For this listing, reproduce the line with "1年生学年通信 第46号(校外学習の服装と持ち物)", the line with "XYDLS / ARA89 | |", and the lines between, exactly as they stand. Leave out pictures and all other lines.

→ **Input**
Start of Block

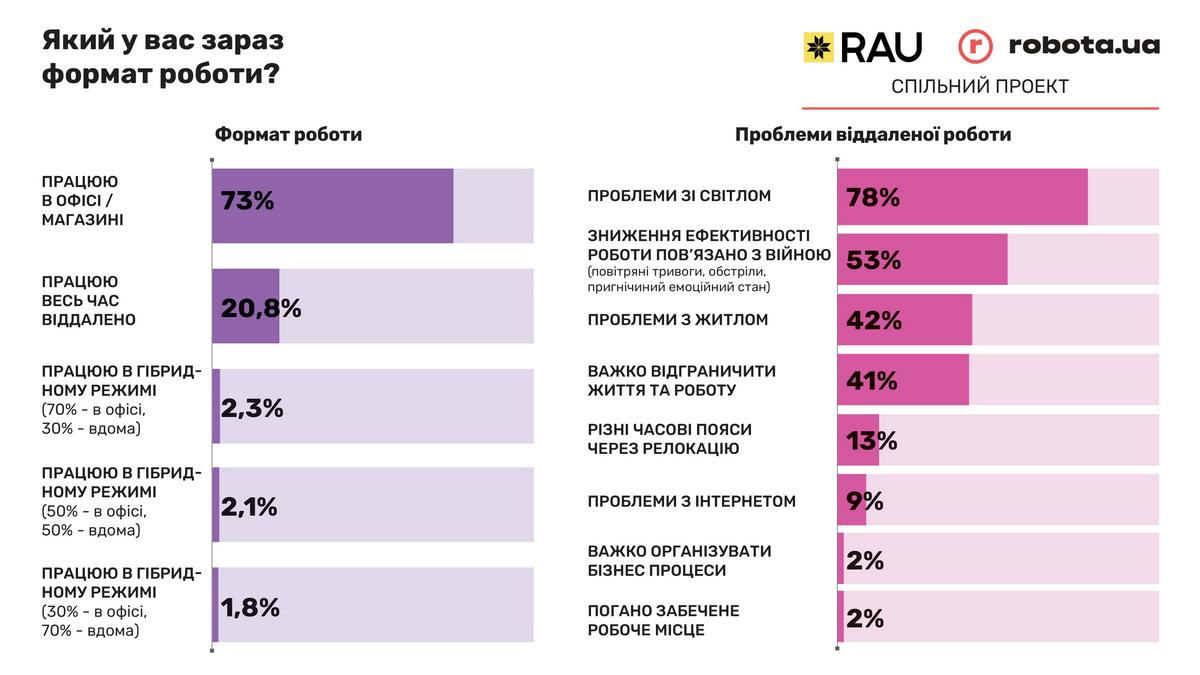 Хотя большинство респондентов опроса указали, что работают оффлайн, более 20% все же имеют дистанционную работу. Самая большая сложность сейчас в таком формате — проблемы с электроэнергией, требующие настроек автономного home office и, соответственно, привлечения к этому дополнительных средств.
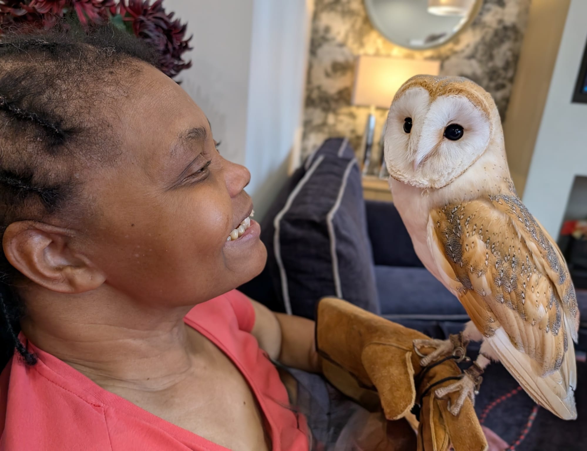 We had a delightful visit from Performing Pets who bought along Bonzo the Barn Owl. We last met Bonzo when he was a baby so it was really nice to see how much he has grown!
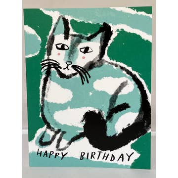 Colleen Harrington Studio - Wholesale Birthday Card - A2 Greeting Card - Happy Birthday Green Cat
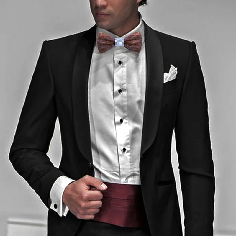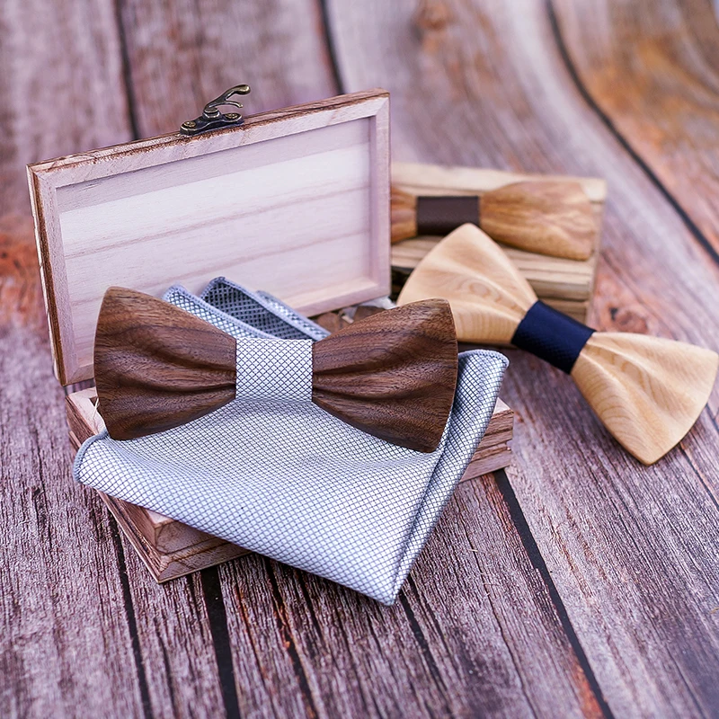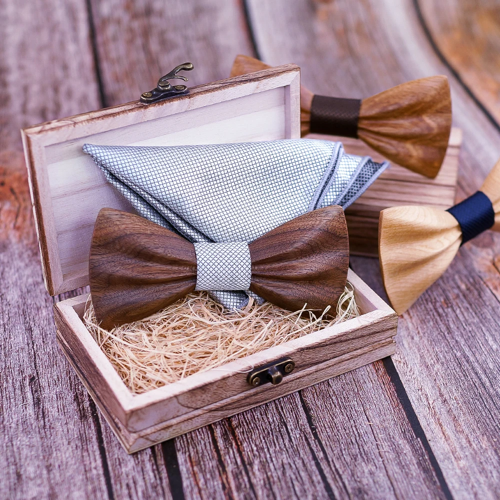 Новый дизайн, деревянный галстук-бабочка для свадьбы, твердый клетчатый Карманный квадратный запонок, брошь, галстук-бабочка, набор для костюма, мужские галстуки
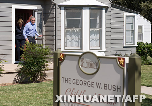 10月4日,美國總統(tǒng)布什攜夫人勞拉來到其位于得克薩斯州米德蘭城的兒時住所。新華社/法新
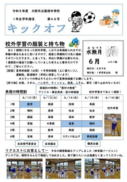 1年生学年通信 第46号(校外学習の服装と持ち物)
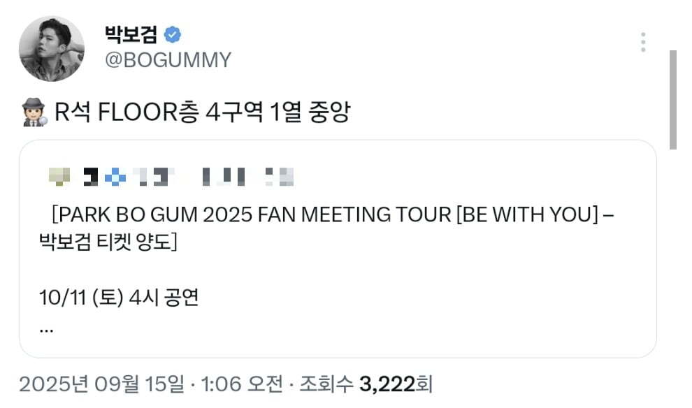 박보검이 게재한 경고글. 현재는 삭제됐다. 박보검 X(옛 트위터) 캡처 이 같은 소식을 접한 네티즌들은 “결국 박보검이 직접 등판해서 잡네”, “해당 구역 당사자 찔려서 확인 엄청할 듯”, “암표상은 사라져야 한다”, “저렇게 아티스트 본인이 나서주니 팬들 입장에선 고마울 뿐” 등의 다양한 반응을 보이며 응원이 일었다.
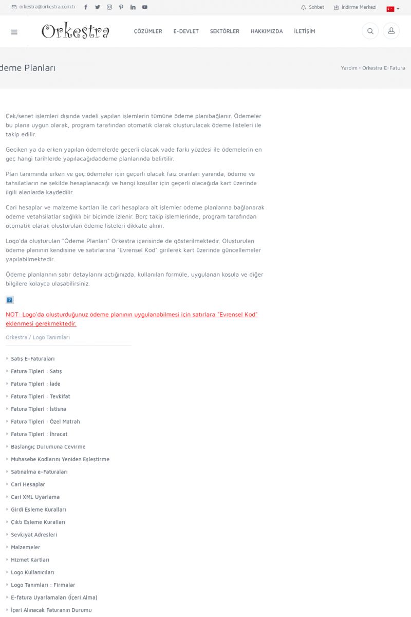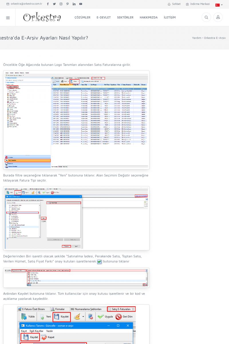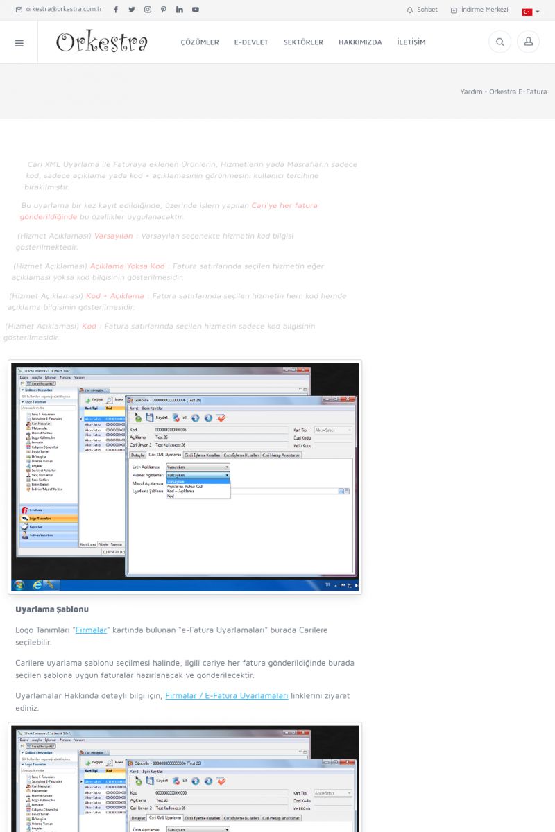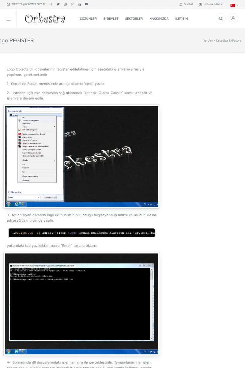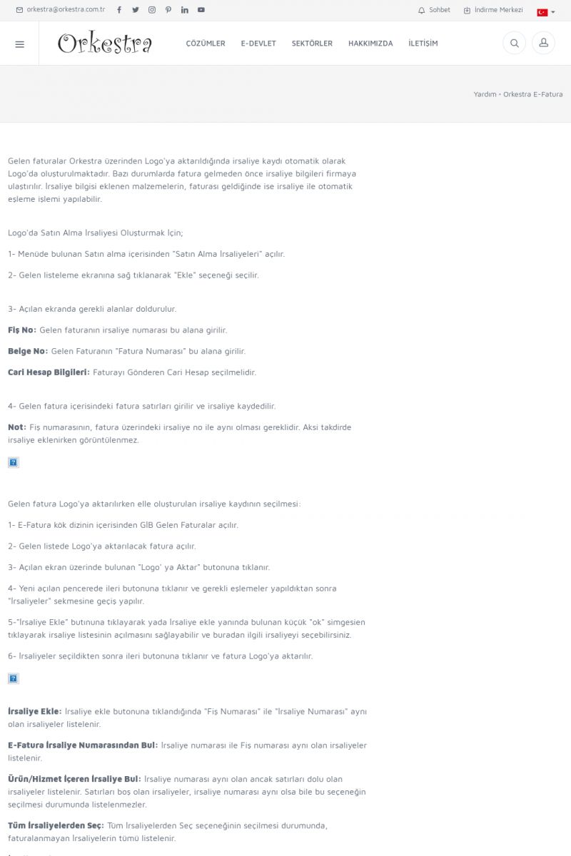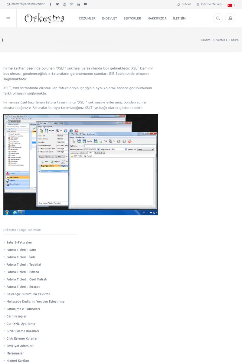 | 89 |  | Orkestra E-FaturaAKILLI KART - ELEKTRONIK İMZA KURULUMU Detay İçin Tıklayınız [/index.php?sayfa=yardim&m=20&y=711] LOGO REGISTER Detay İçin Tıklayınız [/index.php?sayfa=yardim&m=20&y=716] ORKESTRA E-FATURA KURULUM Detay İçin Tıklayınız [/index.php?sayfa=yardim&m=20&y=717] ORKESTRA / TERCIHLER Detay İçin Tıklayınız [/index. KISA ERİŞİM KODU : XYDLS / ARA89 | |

End of Block
Start of Block

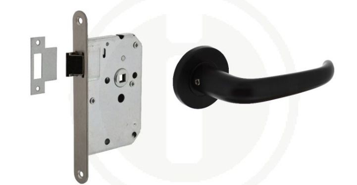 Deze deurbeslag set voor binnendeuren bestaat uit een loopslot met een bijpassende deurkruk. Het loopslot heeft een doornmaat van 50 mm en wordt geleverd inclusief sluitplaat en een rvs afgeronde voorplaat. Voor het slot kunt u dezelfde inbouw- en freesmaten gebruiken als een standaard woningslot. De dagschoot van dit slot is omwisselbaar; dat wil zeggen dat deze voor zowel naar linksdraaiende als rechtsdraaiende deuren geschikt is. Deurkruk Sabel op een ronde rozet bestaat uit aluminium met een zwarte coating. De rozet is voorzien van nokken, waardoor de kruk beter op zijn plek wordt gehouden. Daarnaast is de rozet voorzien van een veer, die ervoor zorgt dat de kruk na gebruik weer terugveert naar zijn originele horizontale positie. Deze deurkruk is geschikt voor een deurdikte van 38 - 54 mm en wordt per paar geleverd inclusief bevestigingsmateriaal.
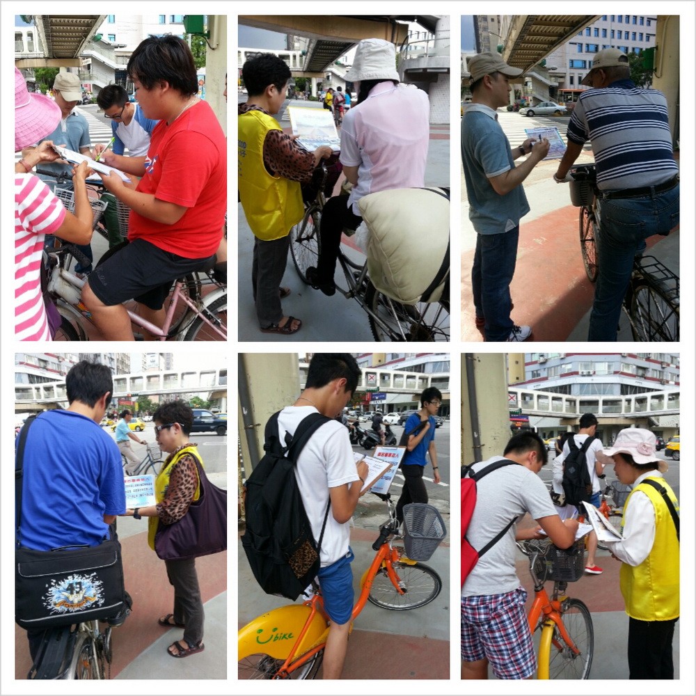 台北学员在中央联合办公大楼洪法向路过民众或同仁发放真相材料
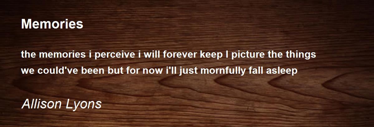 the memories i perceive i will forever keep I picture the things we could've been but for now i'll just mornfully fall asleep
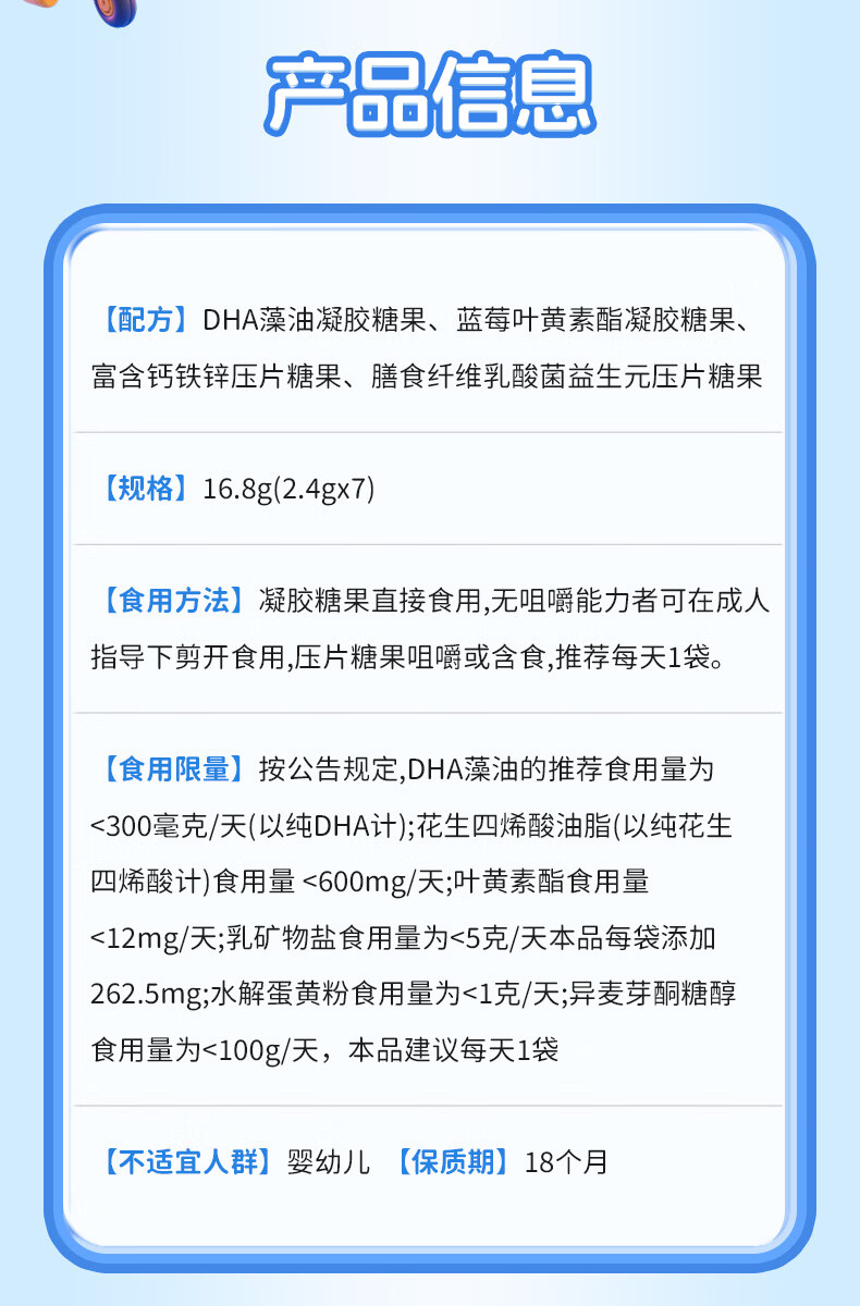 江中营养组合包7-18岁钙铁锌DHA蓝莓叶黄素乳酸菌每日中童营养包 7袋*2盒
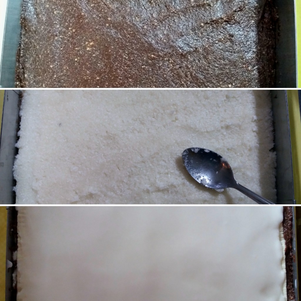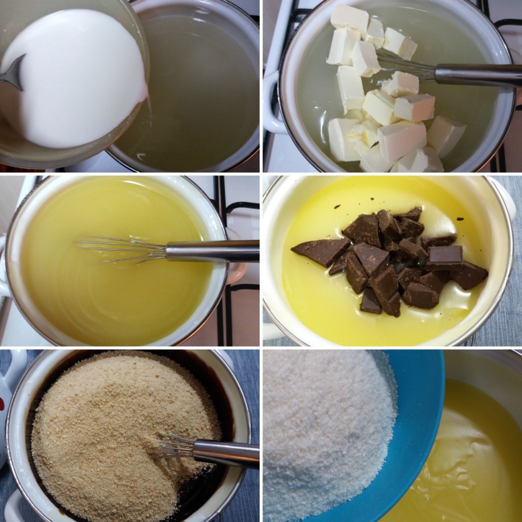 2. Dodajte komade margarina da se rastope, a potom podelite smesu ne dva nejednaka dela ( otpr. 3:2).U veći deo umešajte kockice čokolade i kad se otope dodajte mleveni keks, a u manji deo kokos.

End of Block
Start of Block

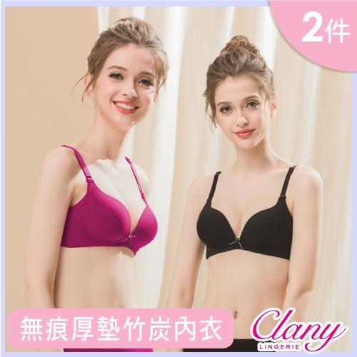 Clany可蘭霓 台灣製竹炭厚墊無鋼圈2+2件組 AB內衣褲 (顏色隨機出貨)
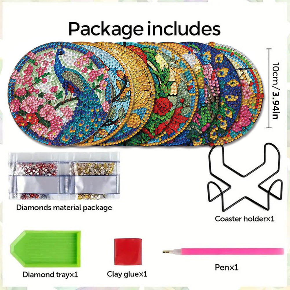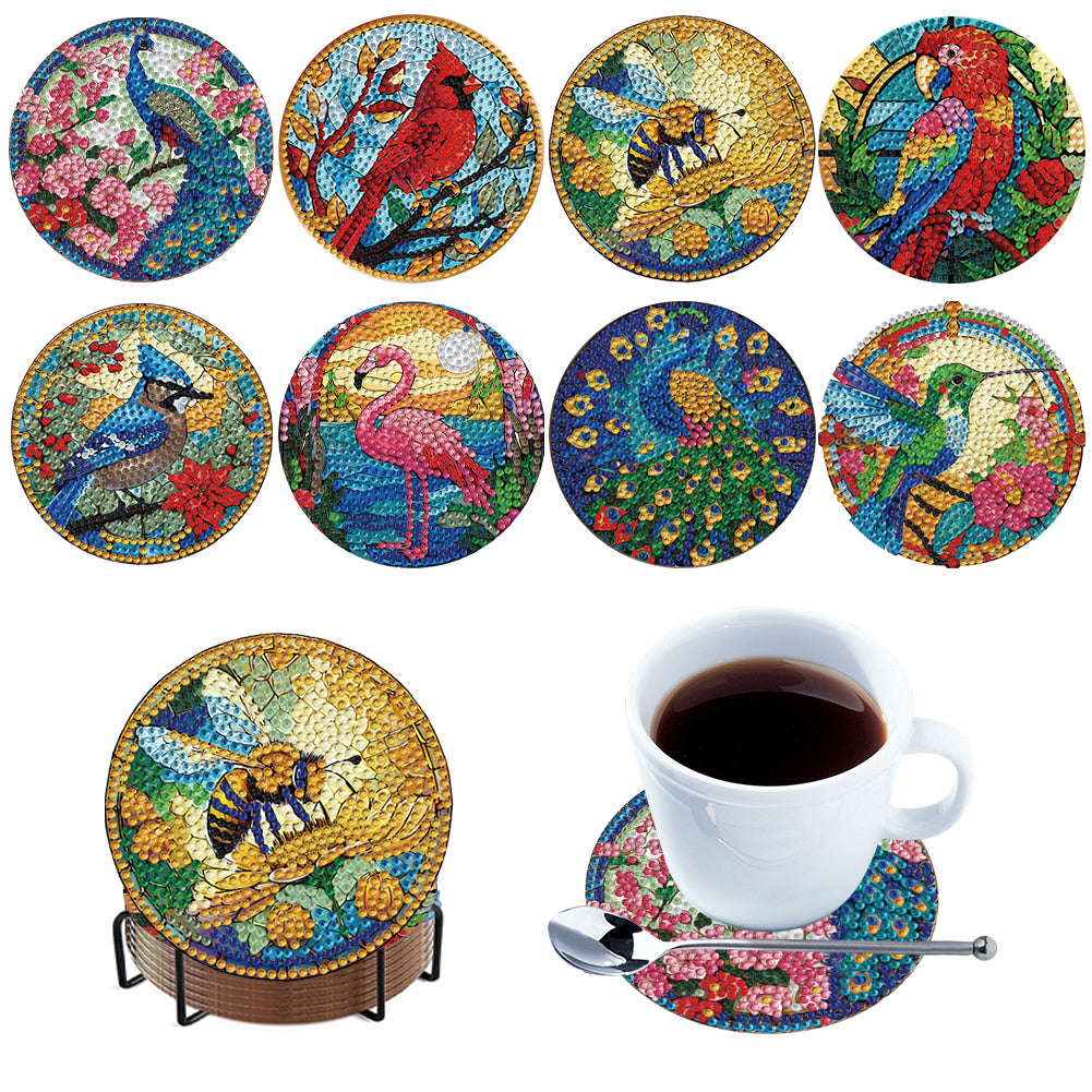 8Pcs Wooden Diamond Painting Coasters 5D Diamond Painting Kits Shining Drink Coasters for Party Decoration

End of Block

→ **Response box**
 1年生学年通信 第46号(校外学習の服装と持ち物)
 박보검이 게재한 경고글. 현재는 삭제됐다. 박보검 X(옛 트위터) 캡처 이 같은 소식을 접한 네티즌들은 “결국 박보검이 직접 등판해서 잡네”, “해당 구역 당사자 찔려서 확인 엄청할 듯”, “암표상은 사라져야 한다”, “저렇게 아티스트 본인이 나서주니 팬들 입장에선 고마울 뿐” 등의 다양한 반응을 보이며 응원이 일었다.
 | 89 |  | Orkestra E-FaturaAKILLI KART - ELEKTRONIK İMZA KURULUMU Detay İçin Tıklayınız [/index.php?sayfa=yardim&m=20&y=711] LOGO REGISTER Detay İçin Tıklayınız [/index.php?sayfa=yardim&m=20&y=716] ORKESTRA E-FATURA KURULUM Detay İçin Tıklayınız [/index.php?sayfa=yardim&m=20&y=717] ORKESTRA / TERCIHLER Detay İçin Tıklayınız [/index. KISA ERİŞİM KODU : XYDLS / ARA89 | |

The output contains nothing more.